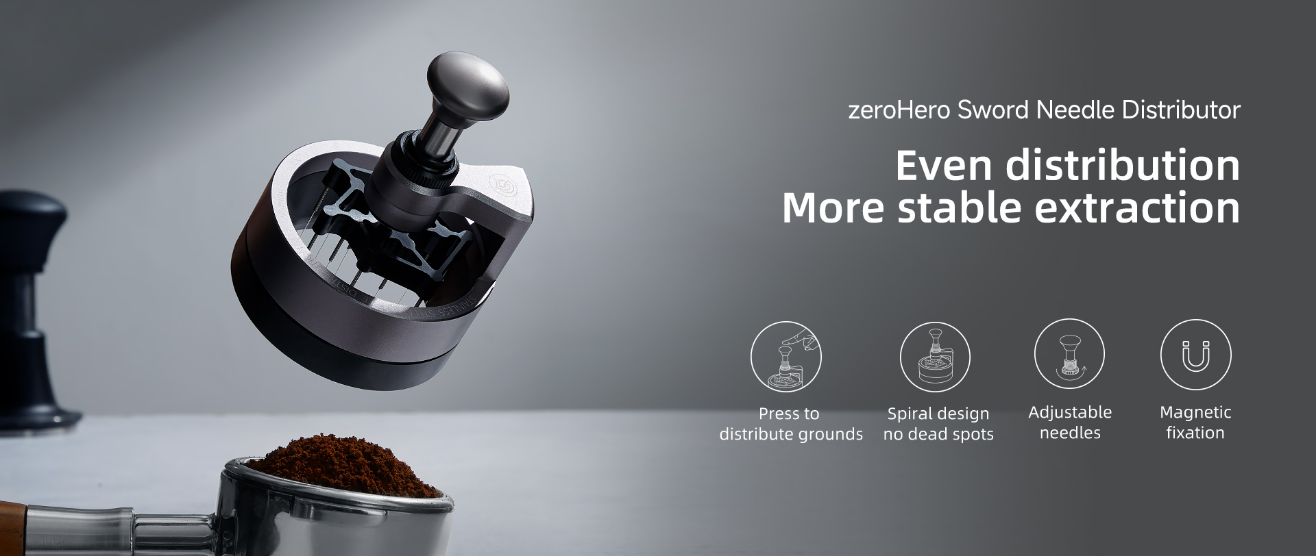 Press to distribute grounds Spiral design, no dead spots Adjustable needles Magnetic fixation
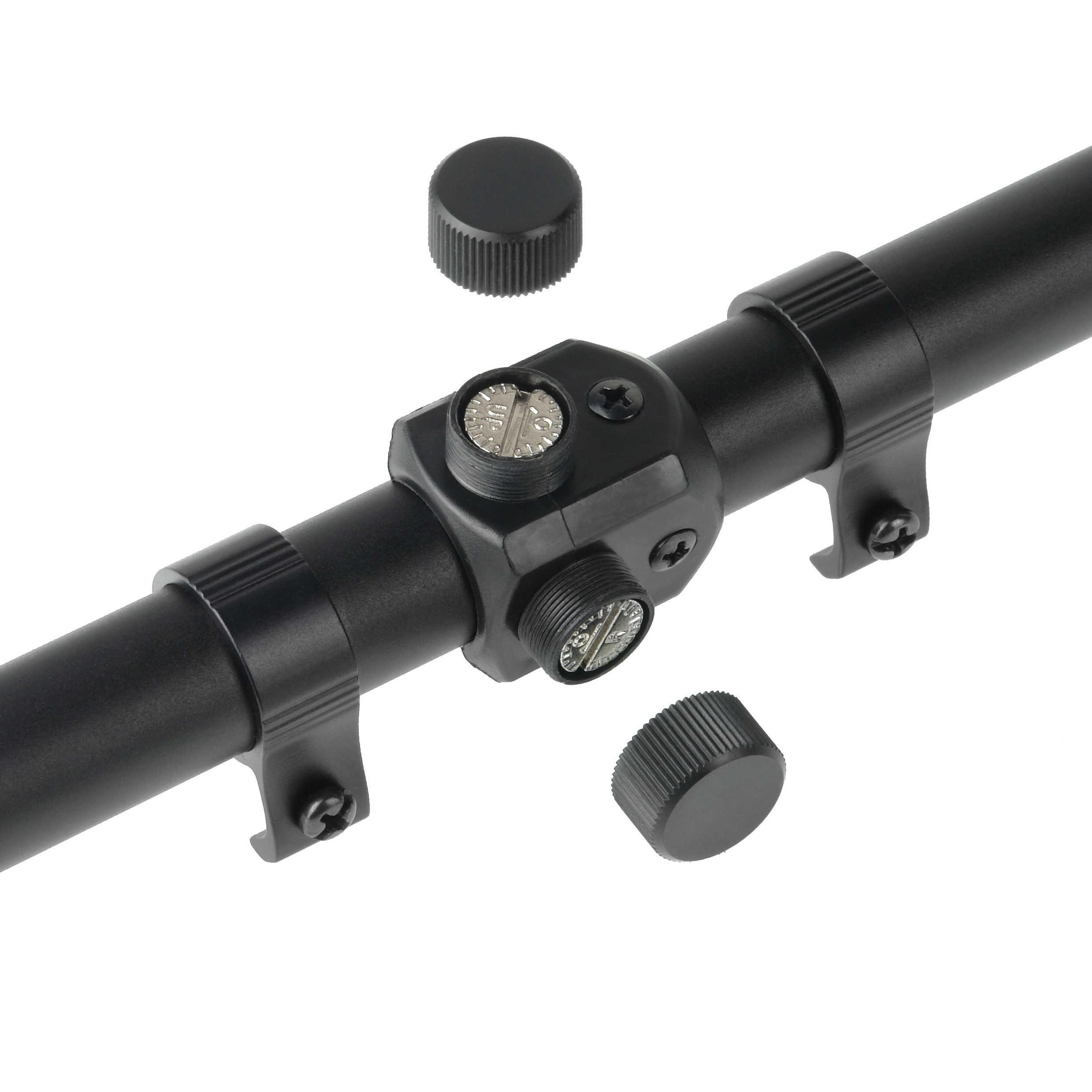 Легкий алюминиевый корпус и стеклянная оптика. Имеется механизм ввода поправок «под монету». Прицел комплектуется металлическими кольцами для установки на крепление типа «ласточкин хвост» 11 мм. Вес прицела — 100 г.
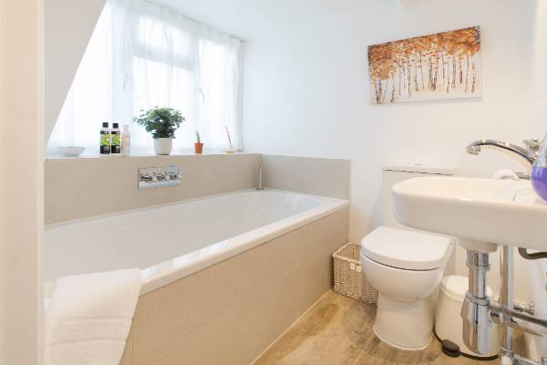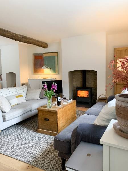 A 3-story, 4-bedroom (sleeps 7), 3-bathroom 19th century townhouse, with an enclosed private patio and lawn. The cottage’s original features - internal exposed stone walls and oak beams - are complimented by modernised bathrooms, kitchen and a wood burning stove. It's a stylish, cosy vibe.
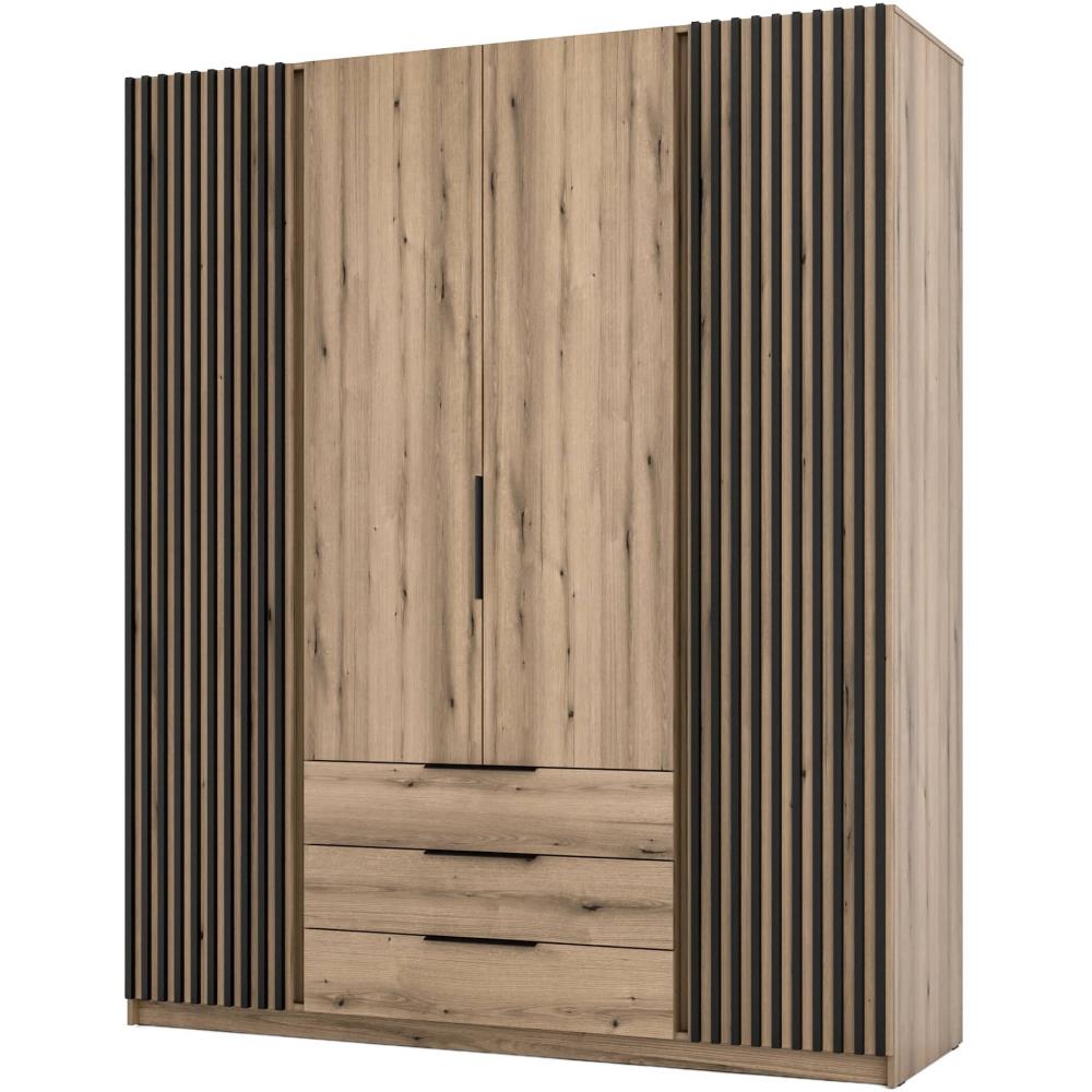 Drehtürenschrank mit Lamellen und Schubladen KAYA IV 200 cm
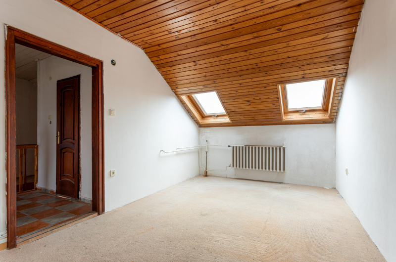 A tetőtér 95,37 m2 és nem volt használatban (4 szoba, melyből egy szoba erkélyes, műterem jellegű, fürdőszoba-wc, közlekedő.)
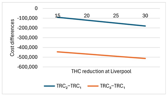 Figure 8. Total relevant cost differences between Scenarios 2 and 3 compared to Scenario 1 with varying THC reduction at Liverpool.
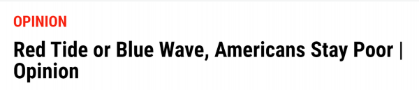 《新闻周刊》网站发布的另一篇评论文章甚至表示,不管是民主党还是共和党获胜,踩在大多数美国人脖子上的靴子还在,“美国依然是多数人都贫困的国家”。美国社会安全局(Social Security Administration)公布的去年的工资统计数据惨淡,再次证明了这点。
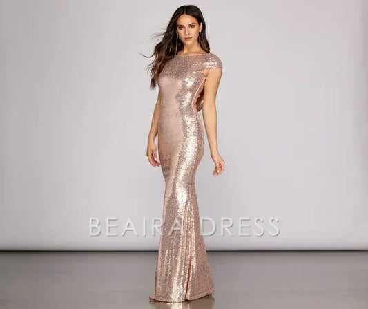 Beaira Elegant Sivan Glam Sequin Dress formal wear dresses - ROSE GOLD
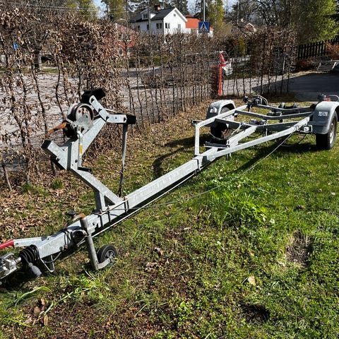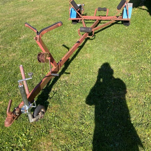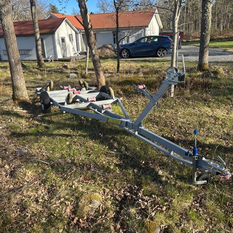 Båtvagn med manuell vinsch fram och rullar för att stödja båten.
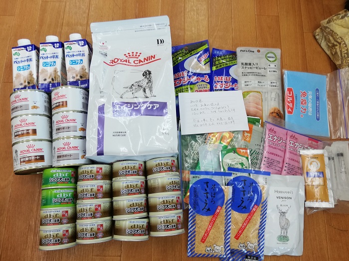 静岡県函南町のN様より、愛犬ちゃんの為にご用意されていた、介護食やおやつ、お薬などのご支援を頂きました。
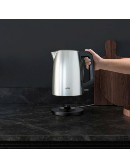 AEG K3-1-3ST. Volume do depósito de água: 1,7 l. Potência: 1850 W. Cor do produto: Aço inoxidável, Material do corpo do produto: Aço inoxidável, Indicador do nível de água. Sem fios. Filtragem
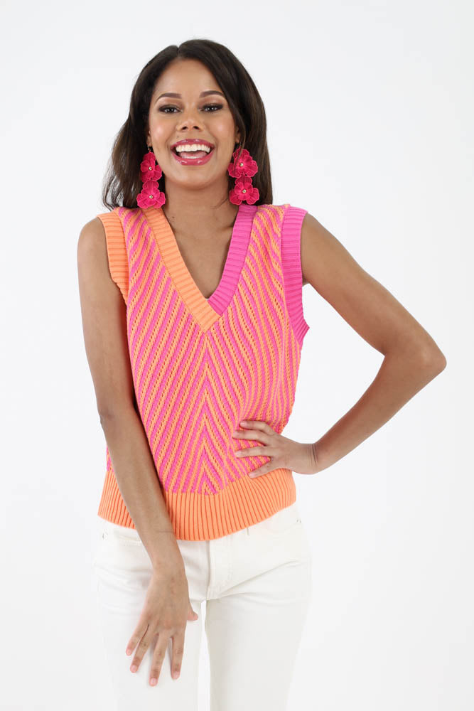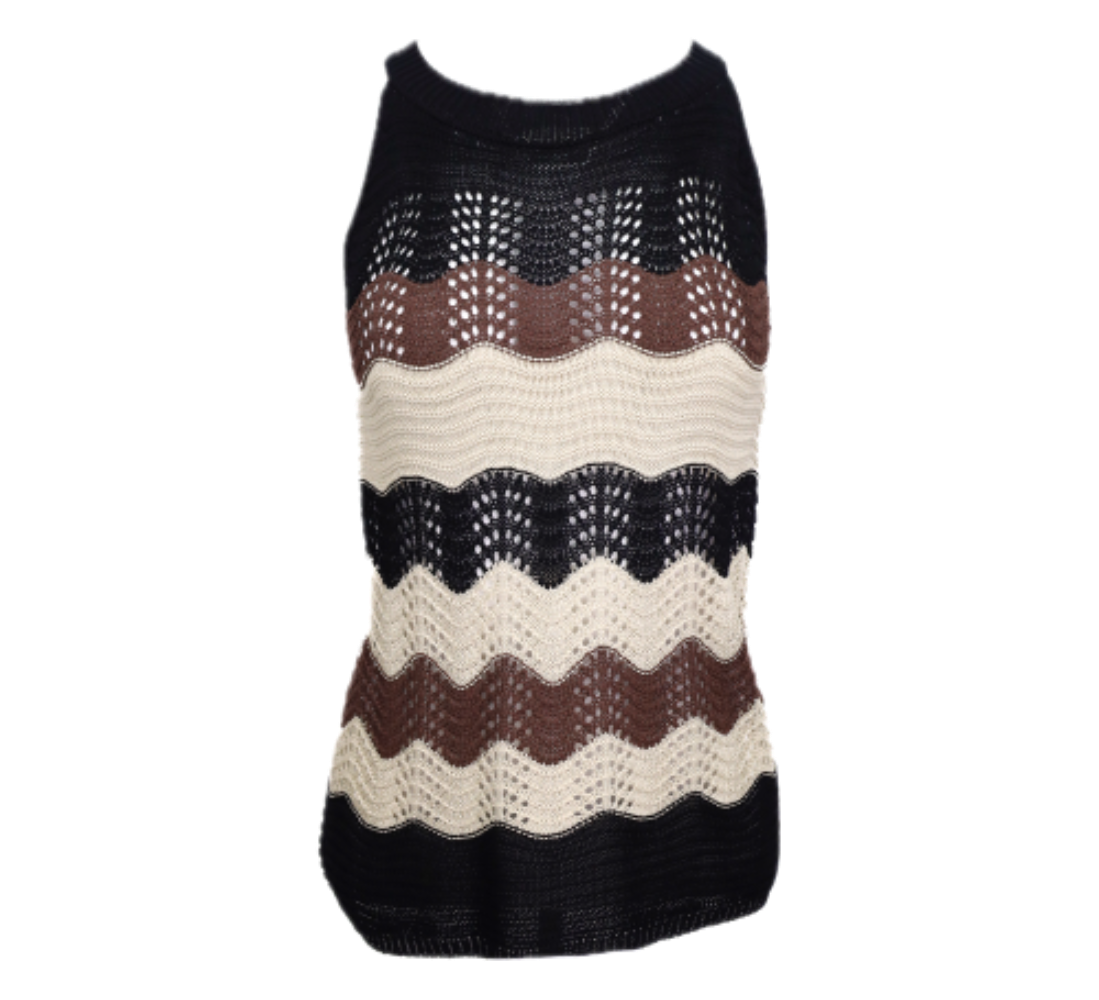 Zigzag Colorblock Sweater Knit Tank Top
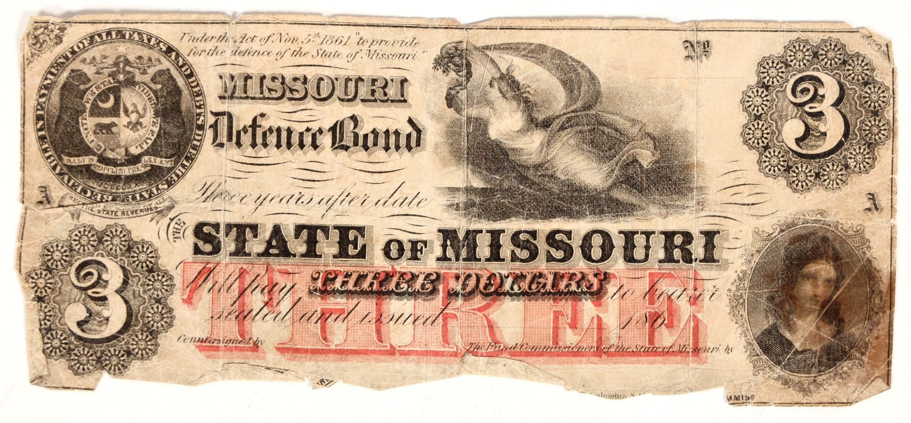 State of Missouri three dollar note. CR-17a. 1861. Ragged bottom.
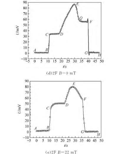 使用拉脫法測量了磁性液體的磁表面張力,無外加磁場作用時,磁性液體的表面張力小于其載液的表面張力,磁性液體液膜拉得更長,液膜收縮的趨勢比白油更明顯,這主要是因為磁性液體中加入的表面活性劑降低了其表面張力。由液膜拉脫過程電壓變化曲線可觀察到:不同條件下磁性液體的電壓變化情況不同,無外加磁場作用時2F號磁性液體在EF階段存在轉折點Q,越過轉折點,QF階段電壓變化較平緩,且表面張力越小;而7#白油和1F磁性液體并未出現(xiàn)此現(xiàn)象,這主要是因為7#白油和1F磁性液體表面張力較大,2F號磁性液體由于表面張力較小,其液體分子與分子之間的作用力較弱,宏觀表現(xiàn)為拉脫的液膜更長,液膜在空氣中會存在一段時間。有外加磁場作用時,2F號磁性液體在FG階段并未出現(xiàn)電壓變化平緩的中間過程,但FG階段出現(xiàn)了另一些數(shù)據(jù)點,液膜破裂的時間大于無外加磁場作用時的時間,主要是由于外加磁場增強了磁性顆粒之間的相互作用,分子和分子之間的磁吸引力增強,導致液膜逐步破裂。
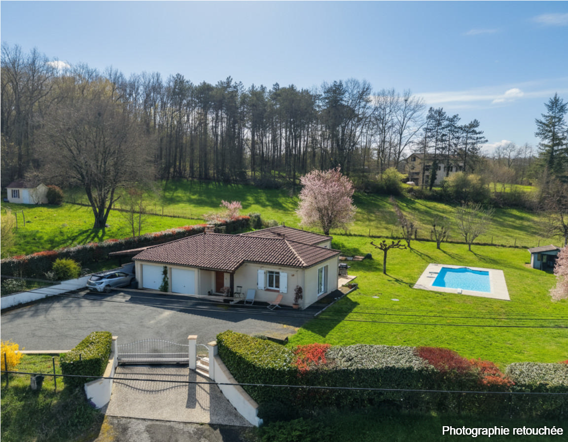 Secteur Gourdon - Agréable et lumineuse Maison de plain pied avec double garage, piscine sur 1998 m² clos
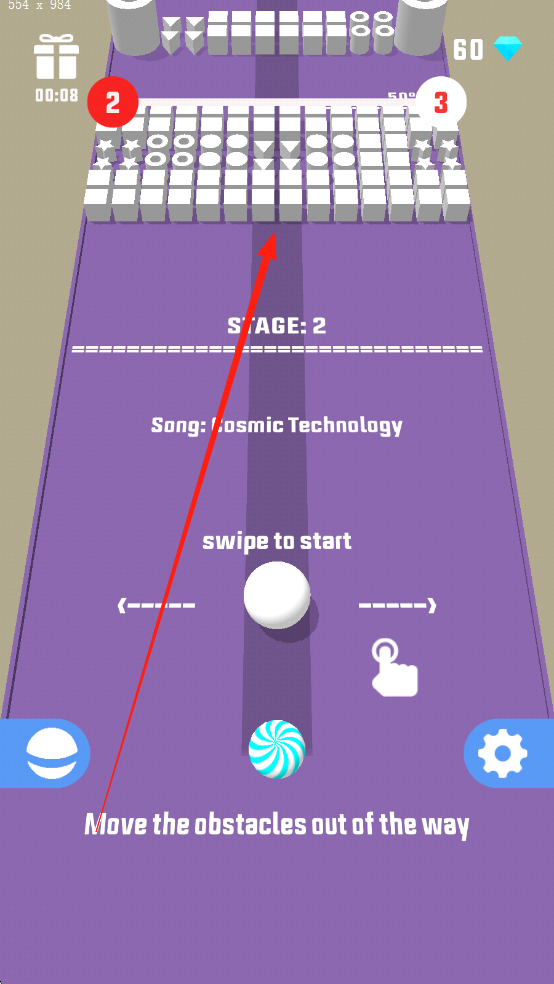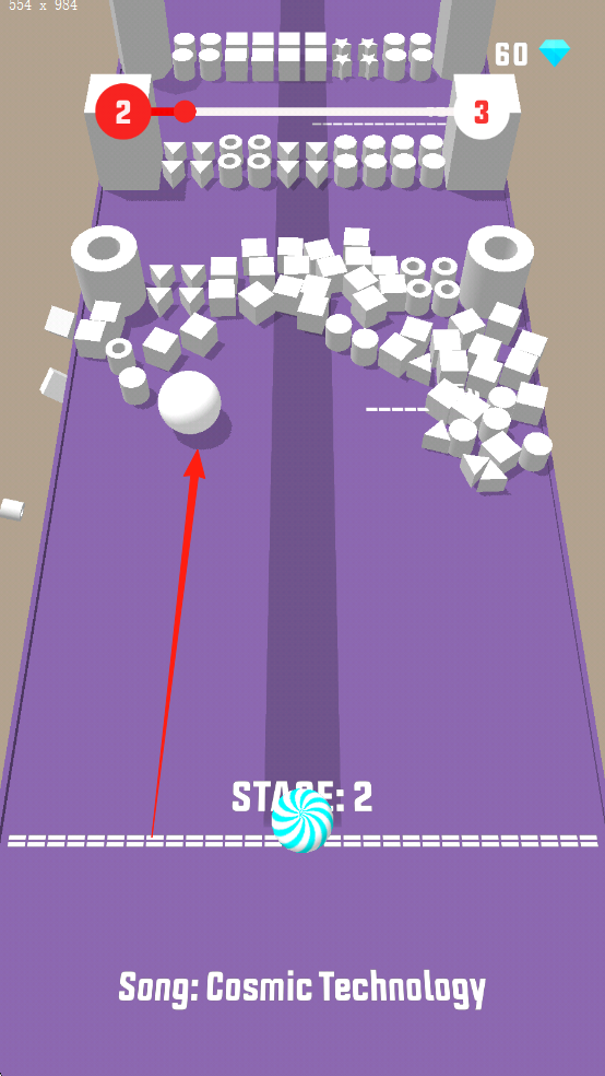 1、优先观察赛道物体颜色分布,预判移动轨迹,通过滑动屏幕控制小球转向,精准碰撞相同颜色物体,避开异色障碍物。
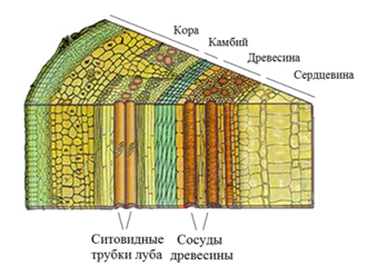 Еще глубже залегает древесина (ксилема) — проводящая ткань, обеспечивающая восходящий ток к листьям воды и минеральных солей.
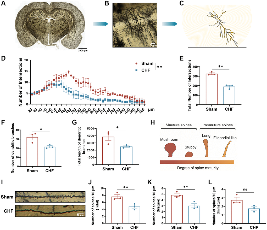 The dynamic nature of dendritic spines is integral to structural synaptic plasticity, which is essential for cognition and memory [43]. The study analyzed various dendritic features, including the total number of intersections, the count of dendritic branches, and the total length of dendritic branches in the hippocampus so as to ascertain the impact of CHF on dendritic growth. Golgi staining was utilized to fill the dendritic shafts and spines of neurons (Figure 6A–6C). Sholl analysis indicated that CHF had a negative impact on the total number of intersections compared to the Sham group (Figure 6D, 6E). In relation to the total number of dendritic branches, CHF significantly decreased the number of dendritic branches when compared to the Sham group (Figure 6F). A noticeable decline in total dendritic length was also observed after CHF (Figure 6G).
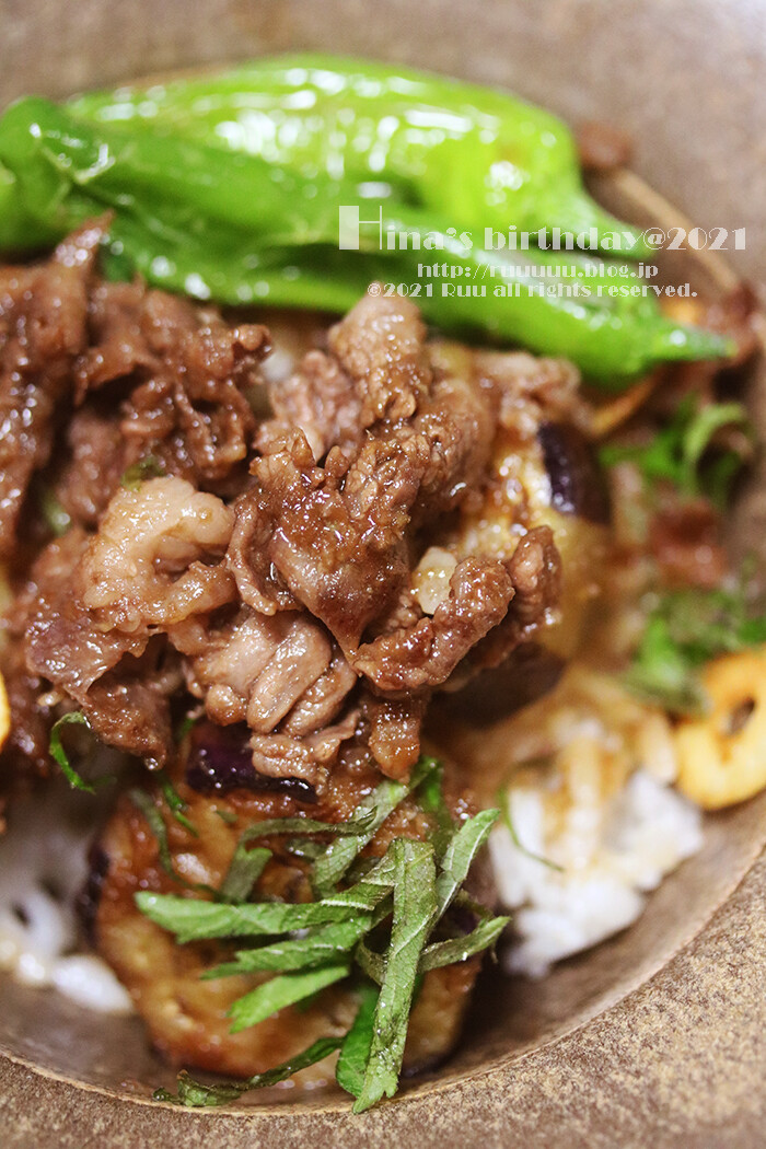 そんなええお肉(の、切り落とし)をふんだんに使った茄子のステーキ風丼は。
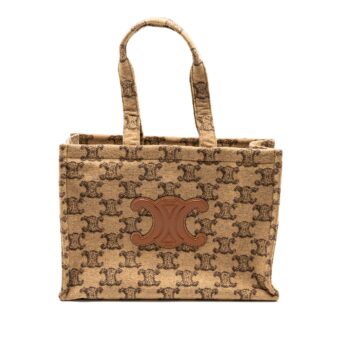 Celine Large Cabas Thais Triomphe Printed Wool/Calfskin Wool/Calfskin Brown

______

▸ TASK PROMPT
Starting at the line with "Båtvagn med manuell" in the entries above, write out every line exactly until the line with "Zigzag Colorblock Sweater Knit Tank Top" has been written. Include no pictures and nothing more.

▸ EXERCISE RESPONSE
 Båtvagn med manuell vinsch fram och rullar för att stödja båten.
 静岡県函南町のN様より、愛犬ちゃんの為にご用意されていた、介護食やおやつ、お薬などのご支援を頂きました。
 AEG K3-1-3ST. Volume do depósito de água: 1,7 l. Potência: 1850 W. Cor do produto: Aço inoxidável, Material do corpo do produto: Aço inoxidável, Indicador do nível de água. Sem fios. Filtragem
 Zigzag Colorblock Sweater Knit Tank Top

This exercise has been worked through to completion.